Garth inclined his head and looked back at the pictures on the mantel. “I take it the other woman in these is your roommate.”
“Yep. That’s Clara.”
“It’s clear to see the two of you are close,”
he returned.
“We’ve known each other for what feels like all our lives. She’s like a sister to me. I’m an only child.”
“Lucky,”
he said partially under his breath before he took another sip of wine.
“Let me guess, you and your sibling don’t get along?”
she asked.
He stiffened. “That is putting it mildly. There are days it feels like my brother and I might kill each other.”

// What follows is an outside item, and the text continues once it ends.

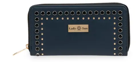 Cartera Lady Sun. Su forma rectangular y color azul la hacen el complemento perfecto para tu outfit. Cuenta con cierre de cremallera y en su interior tiene 4 compartimentos. Está hecha con materiales sintéticos de gran calidad que garantizan su durabilidad. En su exterior luce detalle de estoperoles y placa de la marca. Sus medidas son de 19 x 2 x 10 cm, el tamaño ideal que la lleves a donde quieras.
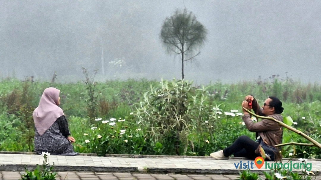 Pengunjung berfoto di tepi danau Ranu Pane. Foto: Visit LumajangHarmoni Budaya Suku Tengger di Kabupaten Lumajang

She laughed. “I’m sure it’s not that bad.”
He didn’t answer.
“Are the two of you close in age?”
He nodded. “Very.”
“What about you? Where are you from?”
she asked.
He hesitated a bit and then glanced at her. “Let’s go with Sweden.”
“Now who’s the odd one?”
Garth’s gaze collided with hers, and any reservation she might have had about giving herself to the man vanished. Nothing but need remained.
He reached out slowly, his fingers coming just shy of touching the silkscreen print of the Viking on her shirt. “You know this isn’t historically accurate.”
She bit her lower lip as his finger grazed her breast. “Then I should remove it at once.”
He flashed a dashing white smile and set his wineglass on the mantel. “Great idea.”